ACTIVITY >>
Return all of the entries exactly, but do not include the pictures.

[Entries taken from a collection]
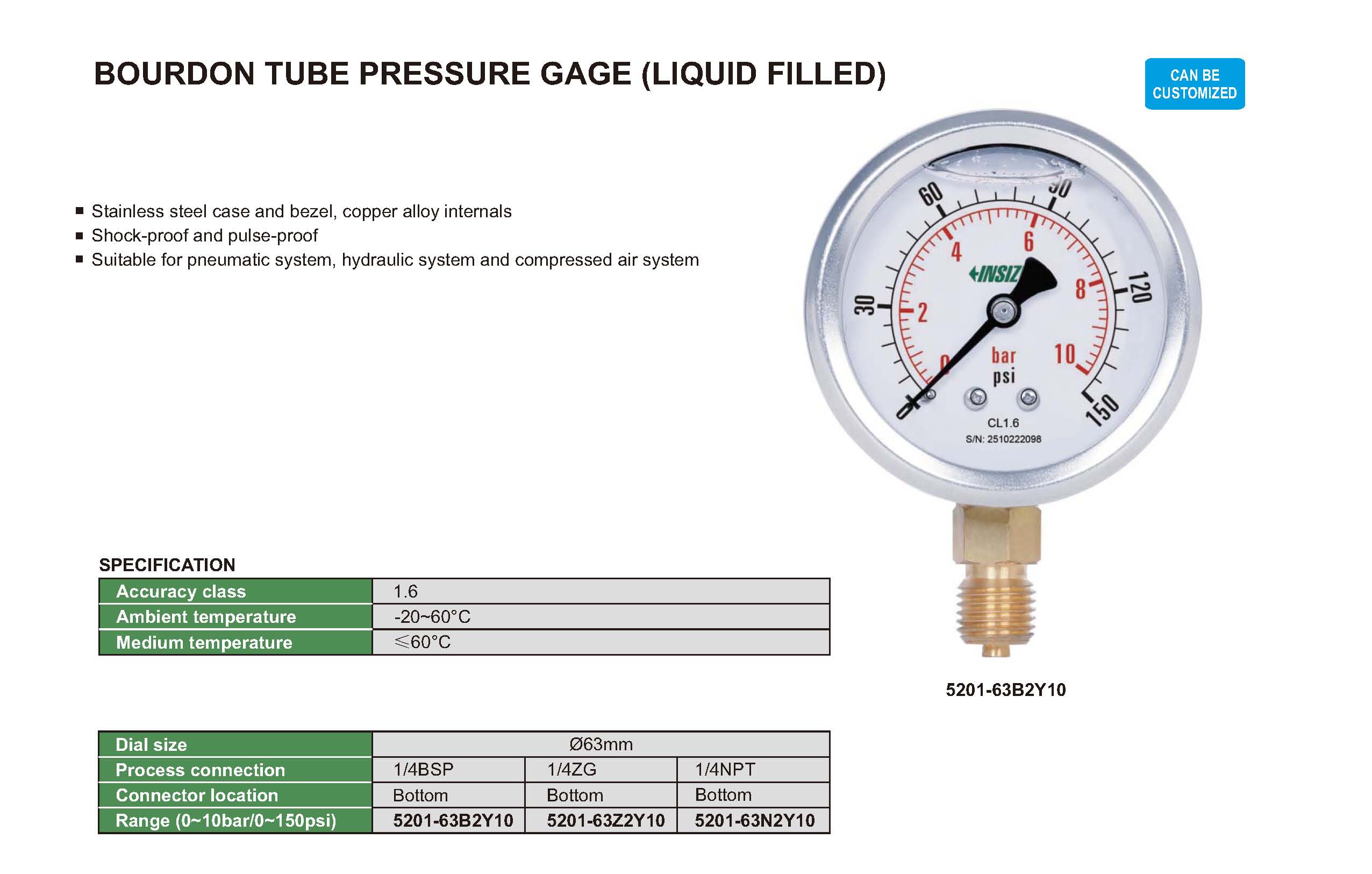 | 5201 | 1/4BSP, 1/4ZG, 1/4NPT | Ø63mm | bottom | polycarbonate |
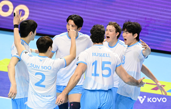 러셀이 20득점, 이든과 정지석이 각각 13득점을 올려 팀 승리를 합작했다.
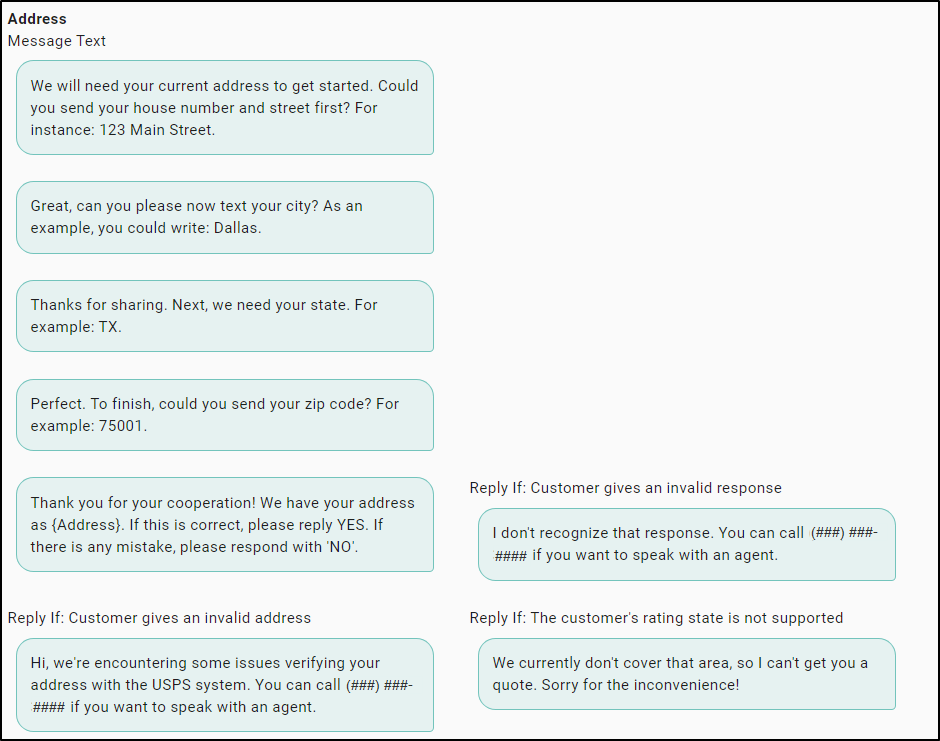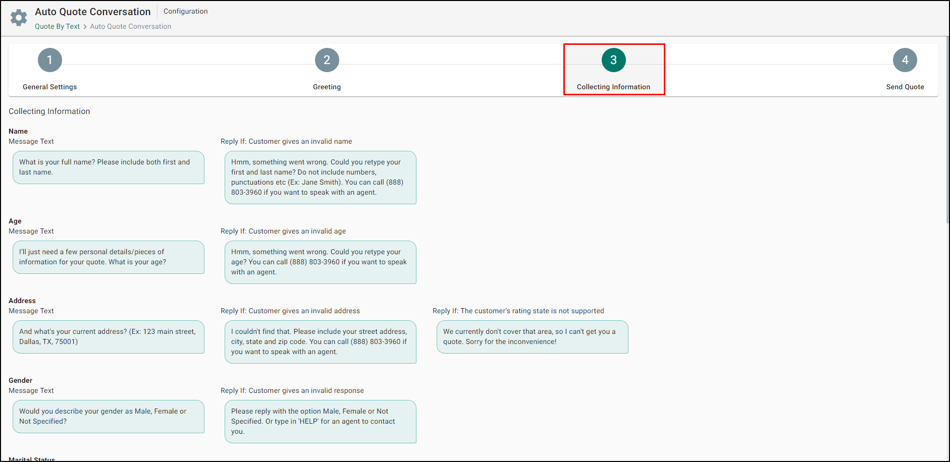 Below are the different areas of information gathering. Please take note of the messages that are indicated to be for Quote By Text only. This means they are not included when using Quote By Text for a Lead Capture Service.
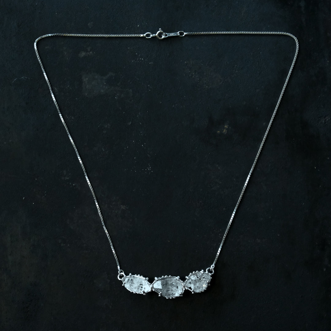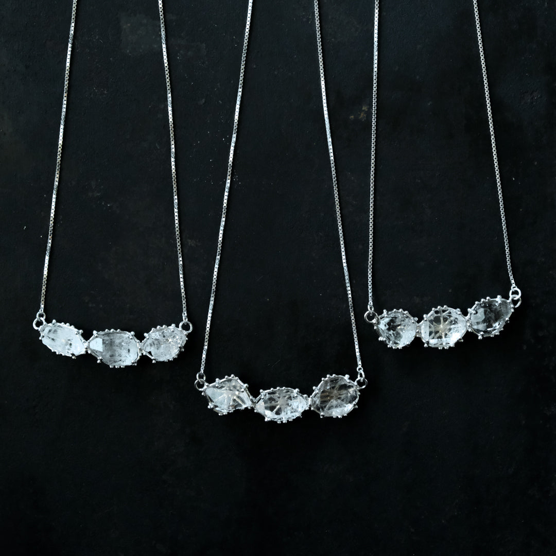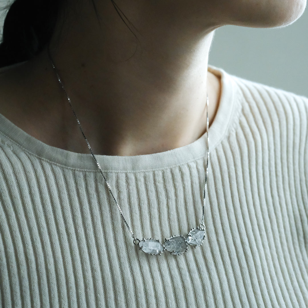 3粒の原石水晶をシルバーで包み込んだ首飾り。石一つ一つの個性を見極めながらアクセサリーに仕立てます。光の加減で変わる煌きが胸元を華やかに演出。デザインは同じでも石のかたちが異なりますので、お好みのものをお選びください。
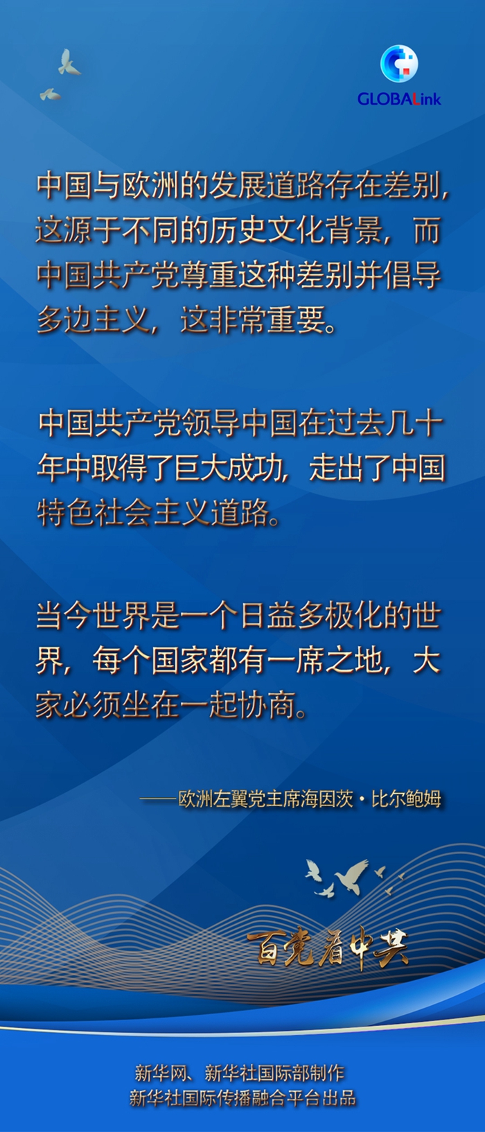 比爾鮑姆說,中國共產黨領導中國在過去幾十年中取得了巨大成功,走出了中國特色社會主義道路。中國擁有深厚的文化積淀,其發展歷程與歐洲有相似之處,也有不同之處。“這是必然的,因為我們的文化背景不同。”
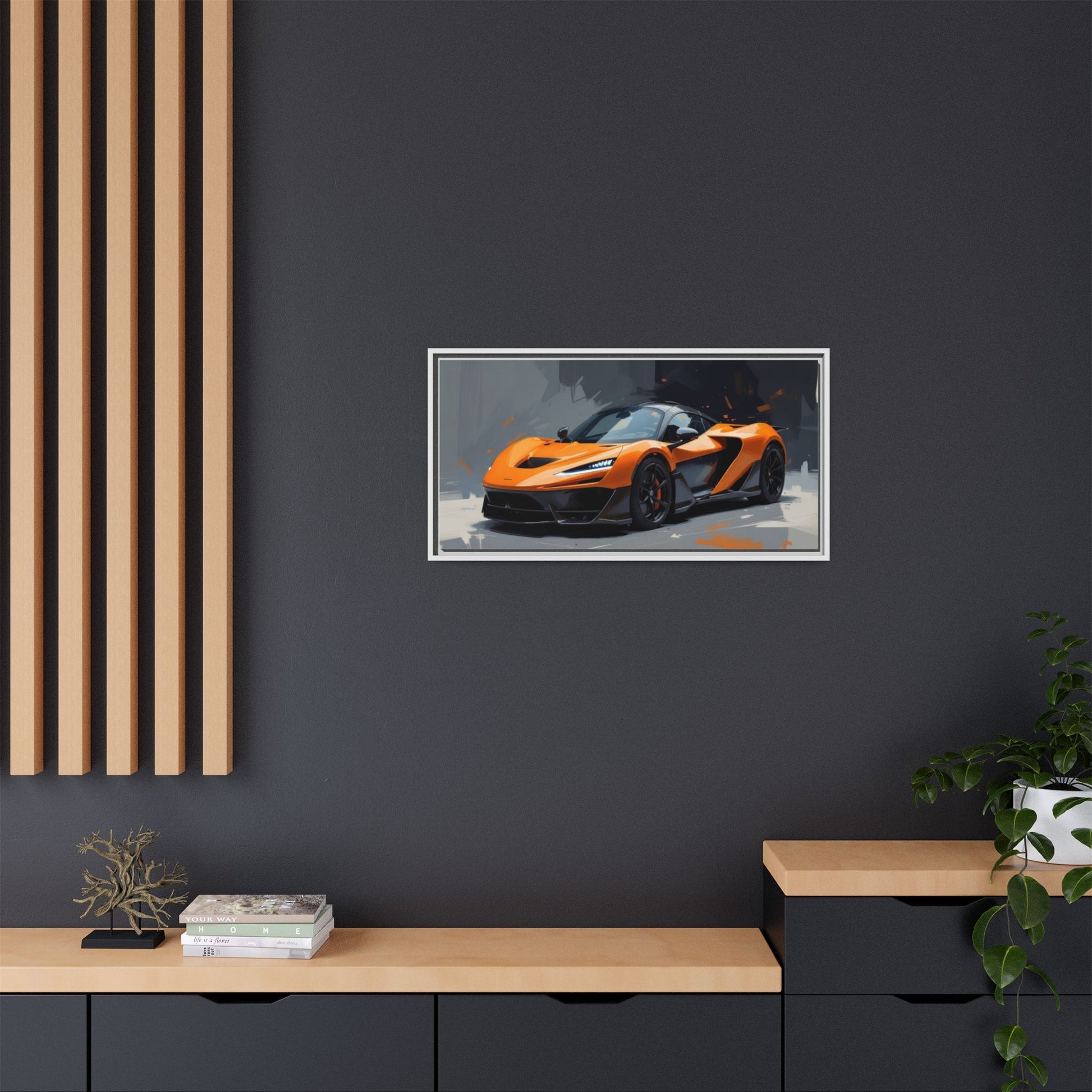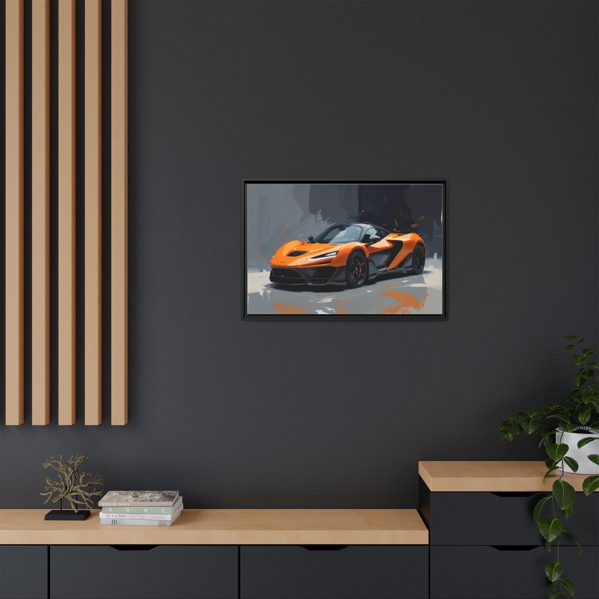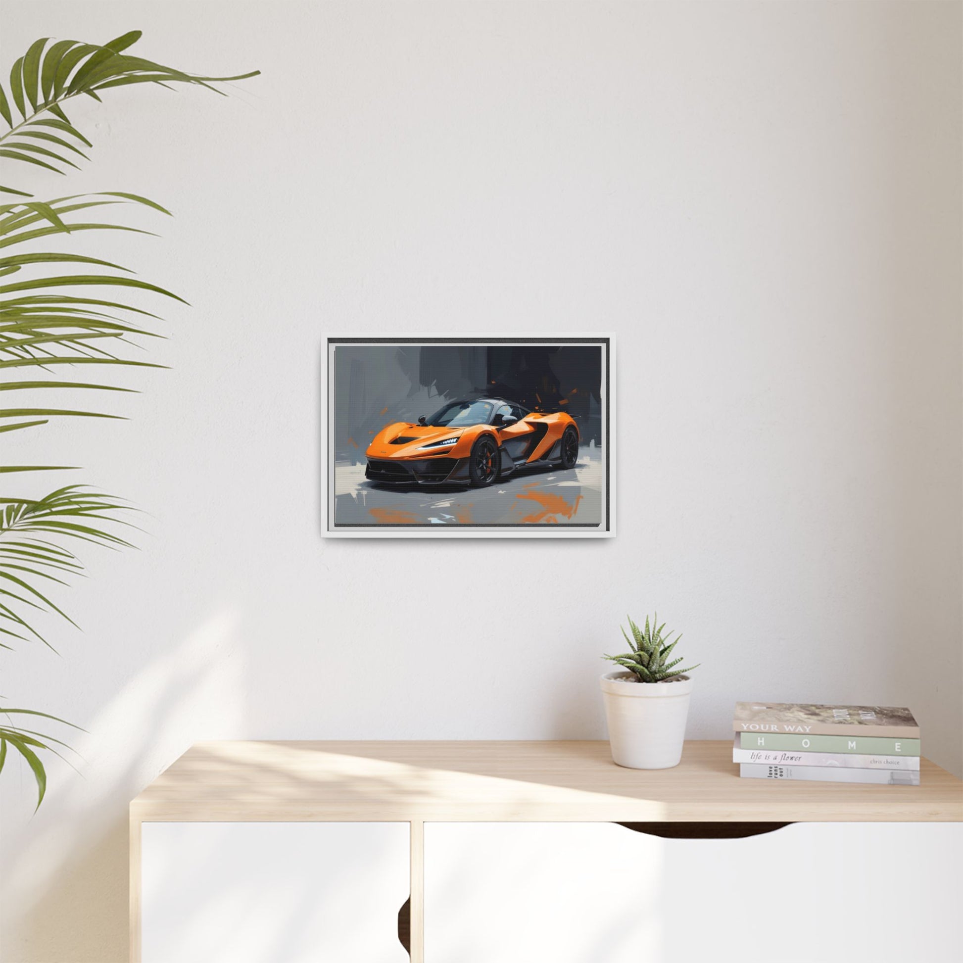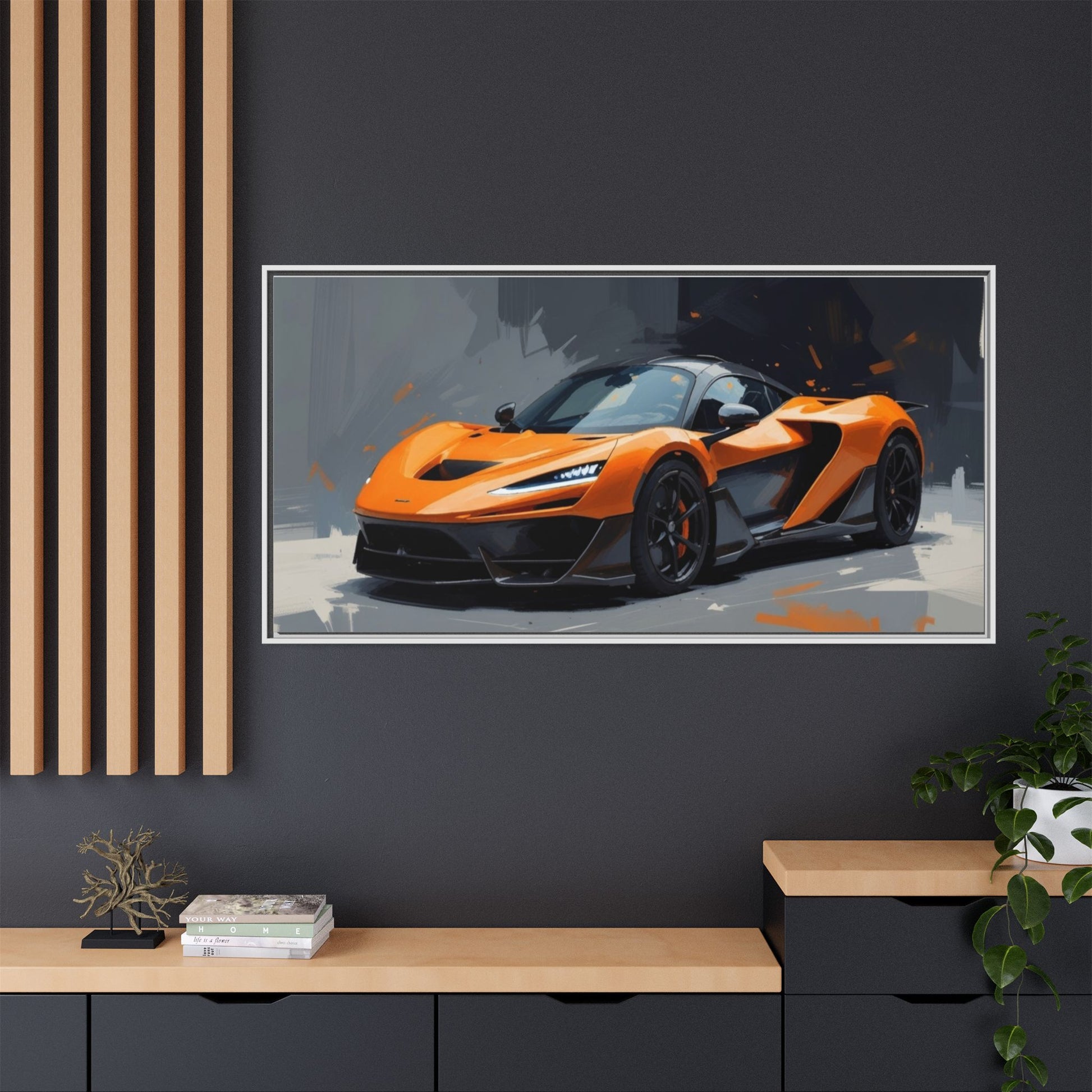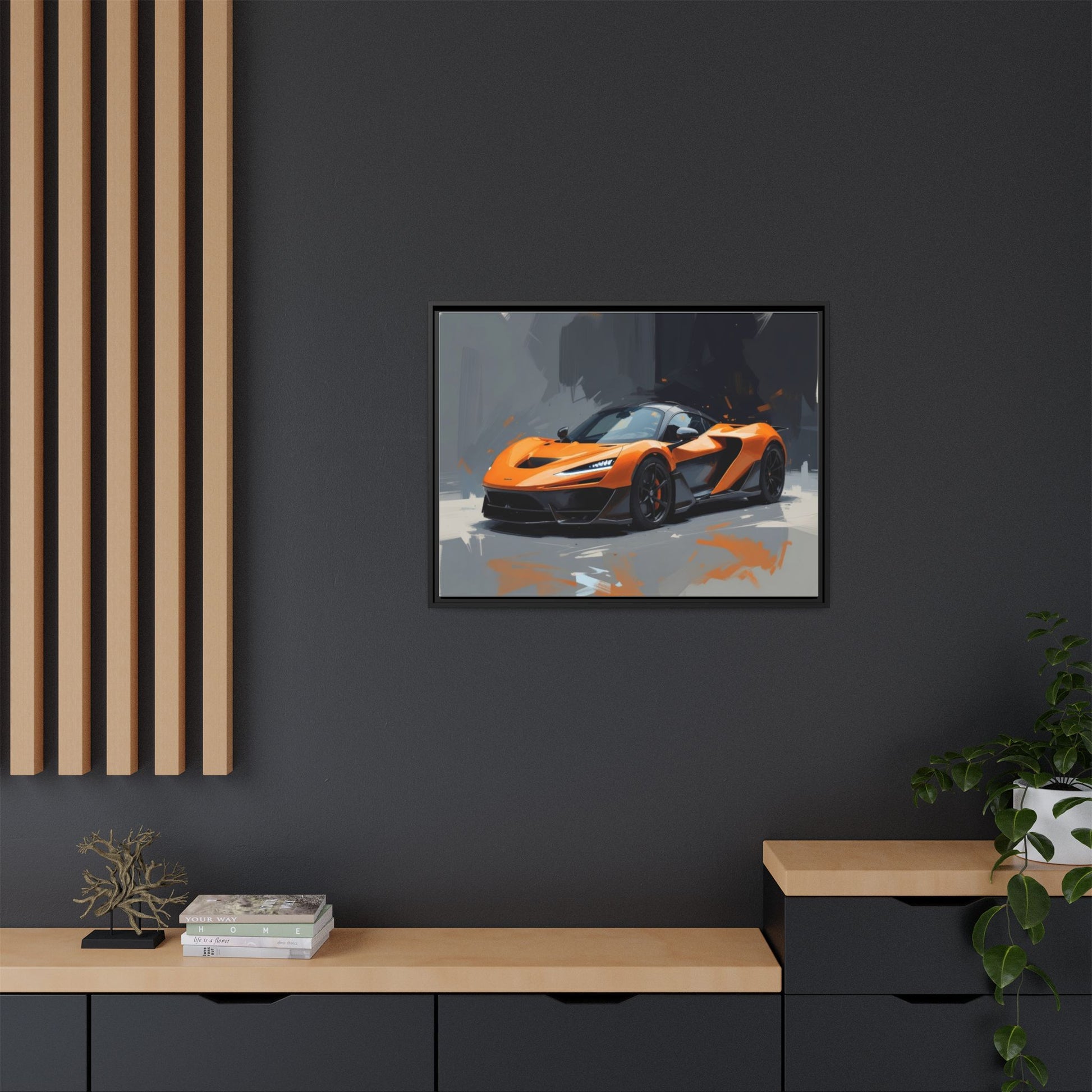A matte canvas print with a slim black frame that captures the raw energy of a bright orange supercar. Brushstroke-style rendering and high-contrast highlights give the image motion and attitude, while the muted background keeps focus on the car’s sculpted lines. Hung in a studio, man-cave, or office, this framed canvas brings speed and modern design into a room without shouting—it’s a discreet statement piece that reads as both art and automotive obsession.

TASK SOLUTION >>
 | 5201 | 1/4BSP, 1/4ZG, 1/4NPT | Ø63mm | bottom | polycarbonate |
 러셀이 20득점, 이든과 정지석이 각각 13득점을 올려 팀 승리를 합작했다.
 Below are the different areas of information gathering. Please take note of the messages that are indicated to be for Quote By Text only. This means they are not included when using Quote By Text for a Lead Capture Service.
 3粒の原石水晶をシルバーで包み込んだ首飾り。石一つ一つの個性を見極めながらアクセサリーに仕立てます。光の加減で変わる煌きが胸元を華やかに演出。デザインは同じでも石のかたちが異なりますので、お好みのものをお選びください。
 比爾鮑姆說,中國共產黨領導中國在過去幾十年中取得了巨大成功,走出了中國特色社會主義道路。中國擁有深厚的文化積淀,其發展歷程與歐洲有相似之處,也有不同之處。“這是必然的,因為我們的文化背景不同。”
A matte canvas print with a slim black frame that captures the raw energy of a bright orange supercar. Brushstroke-style rendering and high-contrast highlights give the image motion and attitude, while the muted background keeps focus on the car’s sculpted lines. Hung in a studio, man-cave, or office, this framed canvas brings speed and modern design into a room without shouting—it’s a discreet statement piece that reads as both art and automotive obsession.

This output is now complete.